# WHAT TO WORK ON
Every record, from first to last, should be written out again exactly.

Data entries
=====

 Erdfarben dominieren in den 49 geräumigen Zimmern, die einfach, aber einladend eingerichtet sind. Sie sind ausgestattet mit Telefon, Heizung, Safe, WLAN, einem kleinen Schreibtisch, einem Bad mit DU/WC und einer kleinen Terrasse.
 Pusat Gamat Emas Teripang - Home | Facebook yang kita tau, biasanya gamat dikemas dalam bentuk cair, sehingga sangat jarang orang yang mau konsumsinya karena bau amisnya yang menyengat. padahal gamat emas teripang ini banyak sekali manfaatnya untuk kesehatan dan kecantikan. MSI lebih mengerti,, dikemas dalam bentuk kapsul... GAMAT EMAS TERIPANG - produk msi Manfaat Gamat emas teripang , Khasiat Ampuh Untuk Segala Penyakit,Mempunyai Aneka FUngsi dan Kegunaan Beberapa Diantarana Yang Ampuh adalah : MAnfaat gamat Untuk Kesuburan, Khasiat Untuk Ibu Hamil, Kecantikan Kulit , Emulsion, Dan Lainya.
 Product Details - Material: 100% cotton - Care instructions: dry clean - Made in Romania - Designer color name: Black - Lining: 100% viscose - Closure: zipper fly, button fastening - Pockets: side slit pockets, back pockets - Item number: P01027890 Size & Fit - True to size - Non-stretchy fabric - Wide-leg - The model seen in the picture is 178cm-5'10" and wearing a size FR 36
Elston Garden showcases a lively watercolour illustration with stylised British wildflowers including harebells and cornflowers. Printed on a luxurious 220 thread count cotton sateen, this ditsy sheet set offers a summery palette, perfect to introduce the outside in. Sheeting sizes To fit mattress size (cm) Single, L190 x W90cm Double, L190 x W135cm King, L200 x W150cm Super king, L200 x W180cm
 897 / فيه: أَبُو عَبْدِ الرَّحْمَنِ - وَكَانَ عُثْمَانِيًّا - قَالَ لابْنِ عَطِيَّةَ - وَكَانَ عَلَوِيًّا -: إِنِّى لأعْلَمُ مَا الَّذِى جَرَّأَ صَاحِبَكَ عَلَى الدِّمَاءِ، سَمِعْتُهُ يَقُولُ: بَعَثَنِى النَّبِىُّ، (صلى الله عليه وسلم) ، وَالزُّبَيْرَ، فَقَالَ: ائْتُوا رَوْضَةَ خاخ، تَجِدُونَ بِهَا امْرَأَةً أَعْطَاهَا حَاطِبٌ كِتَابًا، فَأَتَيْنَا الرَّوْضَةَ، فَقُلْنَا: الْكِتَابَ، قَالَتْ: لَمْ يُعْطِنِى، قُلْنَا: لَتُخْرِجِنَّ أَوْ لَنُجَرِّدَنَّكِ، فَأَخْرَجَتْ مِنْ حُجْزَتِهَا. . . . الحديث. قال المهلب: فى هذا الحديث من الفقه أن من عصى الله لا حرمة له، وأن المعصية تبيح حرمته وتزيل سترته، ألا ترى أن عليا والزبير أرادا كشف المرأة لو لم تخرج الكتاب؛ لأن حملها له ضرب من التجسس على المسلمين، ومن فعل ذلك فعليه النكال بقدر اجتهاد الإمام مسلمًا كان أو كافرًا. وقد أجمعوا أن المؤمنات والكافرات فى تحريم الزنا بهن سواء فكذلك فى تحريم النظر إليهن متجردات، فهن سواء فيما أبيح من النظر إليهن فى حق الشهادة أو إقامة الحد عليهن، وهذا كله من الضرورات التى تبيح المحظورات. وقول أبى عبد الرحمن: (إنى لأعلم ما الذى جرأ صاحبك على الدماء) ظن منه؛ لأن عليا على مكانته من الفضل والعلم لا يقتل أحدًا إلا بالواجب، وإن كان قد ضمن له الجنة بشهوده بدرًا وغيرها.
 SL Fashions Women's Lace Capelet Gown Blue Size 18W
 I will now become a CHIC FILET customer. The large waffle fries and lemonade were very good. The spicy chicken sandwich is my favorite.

=====

# REPLY
 Erdfarben dominieren in den 49 geräumigen Zimmern, die einfach, aber einladend eingerichtet sind. Sie sind ausgestattet mit Telefon, Heizung, Safe, WLAN, einem kleinen Schreibtisch, einem Bad mit DU/WC und einer kleinen Terrasse.
 Pusat Gamat Emas Teripang - Home | Facebook yang kita tau, biasanya gamat dikemas dalam bentuk cair, sehingga sangat jarang orang yang mau konsumsinya karena bau amisnya yang menyengat. padahal gamat emas teripang ini banyak sekali manfaatnya untuk kesehatan dan kecantikan. MSI lebih mengerti,, dikemas dalam bentuk kapsul... GAMAT EMAS TERIPANG - produk msi Manfaat Gamat emas teripang , Khasiat Ampuh Untuk Segala Penyakit,Mempunyai Aneka FUngsi dan Kegunaan Beberapa Diantarana Yang Ampuh adalah : MAnfaat gamat Untuk Kesuburan, Khasiat Untuk Ibu Hamil, Kecantikan Kulit , Emulsion, Dan Lainya.
 Product Details - Material: 100% cotton - Care instructions: dry clean - Made in Romania - Designer color name: Black - Lining: 100% viscose - Closure: zipper fly, button fastening - Pockets: side slit pockets, back pockets - Item number: P01027890 Size & Fit - True to size - Non-stretchy fabric - Wide-leg - The model seen in the picture is 178cm-5'10" and wearing a size FR 36
Elston Garden showcases a lively watercolour illustration with stylised British wildflowers including harebells and cornflowers. Printed on a luxurious 220 thread count cotton sateen, this ditsy sheet set offers a summery palette, perfect to introduce the outside in. Sheeting sizes To fit mattress size (cm) Single, L190 x W90cm Double, L190 x W135cm King, L200 x W150cm Super king, L200 x W180cm
 897 / فيه: أَبُو عَبْدِ الرَّحْمَنِ - وَكَانَ عُثْمَانِيًّا - قَالَ لابْنِ عَطِيَّةَ - وَكَانَ عَلَوِيًّا -: إِنِّى لأعْلَمُ مَا الَّذِى جَرَّأَ صَاحِبَكَ عَلَى الدِّمَاءِ، سَمِعْتُهُ يَقُولُ: بَعَثَنِى النَّبِىُّ، (صلى الله عليه وسلم) ، وَالزُّبَيْرَ، فَقَالَ: ائْتُوا رَوْضَةَ خاخ، تَجِدُونَ بِهَا امْرَأَةً أَعْطَاهَا حَاطِبٌ كِتَابًا، فَأَتَيْنَا الرَّوْضَةَ، فَقُلْنَا: الْكِتَابَ، قَالَتْ: لَمْ يُعْطِنِى، قُلْنَا: لَتُخْرِجِنَّ أَوْ لَنُجَرِّدَنَّكِ، فَأَخْرَجَتْ مِنْ حُجْزَتِهَا. . . . الحديث. قال المهلب: فى هذا الحديث من الفقه أن من عصى الله لا حرمة له، وأن المعصية تبيح حرمته وتزيل سترته، ألا ترى أن عليا والزبير أرادا كشف المرأة لو لم تخرج الكتاب؛ لأن حملها له ضرب من التجسس على المسلمين، ومن فعل ذلك فعليه النكال بقدر اجتهاد الإمام مسلمًا كان أو كافرًا. وقد أجمعوا أن المؤمنات والكافرات فى تحريم الزنا بهن سواء فكذلك فى تحريم النظر إليهن متجردات، فهن سواء فيما أبيح من النظر إليهن فى حق الشهادة أو إقامة الحد عليهن، وهذا كله من الضرورات التى تبيح المحظورات. وقول أبى عبد الرحمن: (إنى لأعلم ما الذى جرأ صاحبك على الدماء) ظن منه؛ لأن عليا على مكانته من الفضل والعلم لا يقتل أحدًا إلا بالواجب، وإن كان قد ضمن له الجنة بشهوده بدرًا وغيرها.
 SL Fashions Women's Lace Capelet Gown Blue Size 18W
 I will now become a CHIC FILET customer. The large waffle fries and lemonade were very good. The spicy chicken sandwich is my favorite.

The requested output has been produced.